Aesthetics, Criticism, & Other Non-Fiction

2012

Regression to the mean. All creators ought to fear it. Because if you create something really really wonderful, something great (“Money,” “Lolita,” “The Monk”) you should fear that that’s it; I’m done; everything I’m going to do after this is going to be really second rate (compared to this). Well, I don’t know about most cases but I do know this about Chandler: The Big Sleep. And that’s it, really. But I don’t think it’s because of regression to the mean. I really don’t. I’m willing to bank on a lot of other factors. Like alcohol. Like character flaws (I mean, his character flaws). Like the normal temptations all humans face—like if I write this quickly I’ll get some money. Come to think of it, all creators ought to fear all sorts of things, not just regression to the mean. So I take that back.

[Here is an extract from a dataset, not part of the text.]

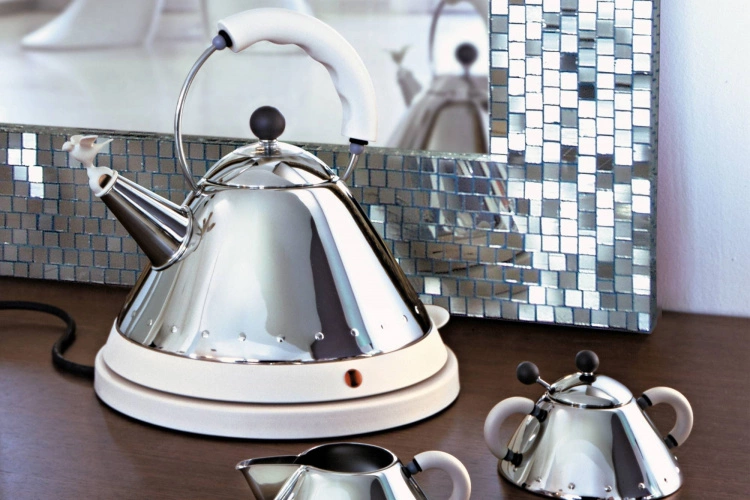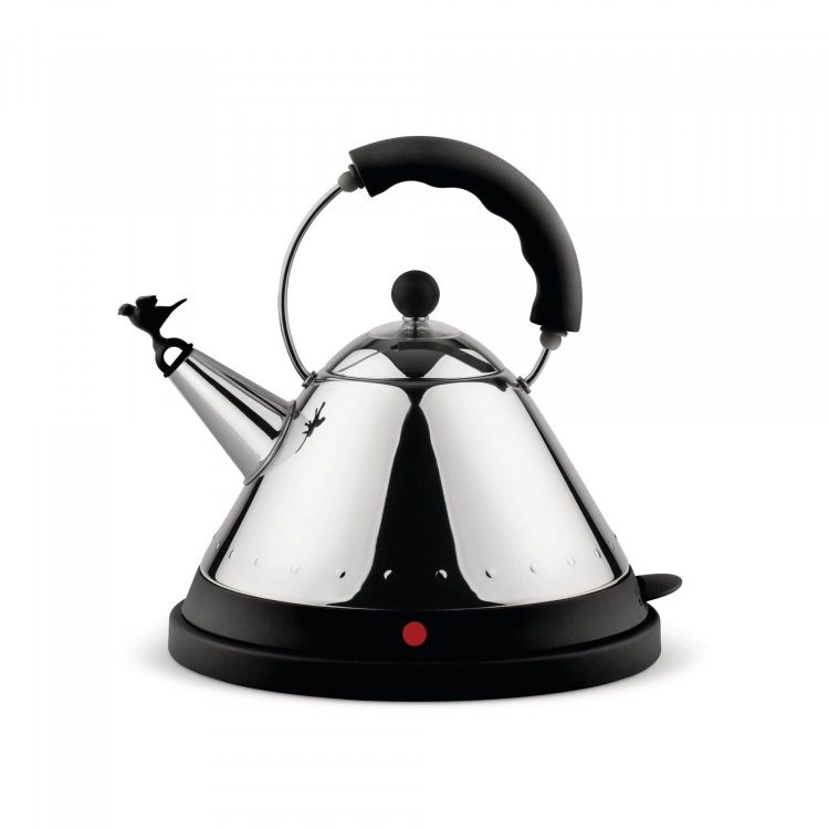 I Michael Graves formspråk kombineras influenser från europeisk och precolumbiansk kultur med visuella influenser från Art Deco och Pop Art. Graves är en välrenommerad designer och har formgivit flertal klassiska produkter för Alessi. MG32 är den eldrivna versionen av ikoniska kitteln 9093, med visslande pip i form av en fågel. Originalet formgavs av Michael Graves år 1985 för Alessi.

I wrote this for a really simple reason: I was struck—dumbfounded, really—by the fact that someone can be great with respect to their grasp of some aspects of language, and profoundly mediocre with respect to other aspects. That language is that complicated, that grand, and that our mastery of language is that piecemeal, that jagged, that gerrymandered, that greatness is rare in any case, but that when it shows up in someone (almost by accident, really) it can as a result cut a very narrow swathe, and rely on a very narrow skill set. It’s shocking, really, that something like this can be true.

1999 (2001)

Of course I had Wittgenstein’s Tractatus in mind — although not particularly in mind. I don’t know (and didn’t worry about) what he took his own numbering system to indicate. What I borrowed from him I understood to indicate a sequence of statements accompanied by footnotes themselves involving further footnotes, and so on. (I rather like footnotes, and so a structure primarily composed of a system of integrated footnotes appeals to me.) I also thought it important to indicate what sort of say/show distinction I was willing to commit myself to, and how it would play out in a particular bit of aesthetics. 

Because it was published in a book of poetry, more than one individual thought it actually was a poem. That would have involved quite a bit of textual irony — given especially the footnotes to the footnotes to… to the footnotes to line 3. But it’s not a poem. 

It’s a piece of philosophy — but an odd sort of philosophy: one where all the arguments (pretty much) have been left out. Still (or so I’d like to believe) what the arguments have to be can be reconstructed by the assiduous reader. You, for example.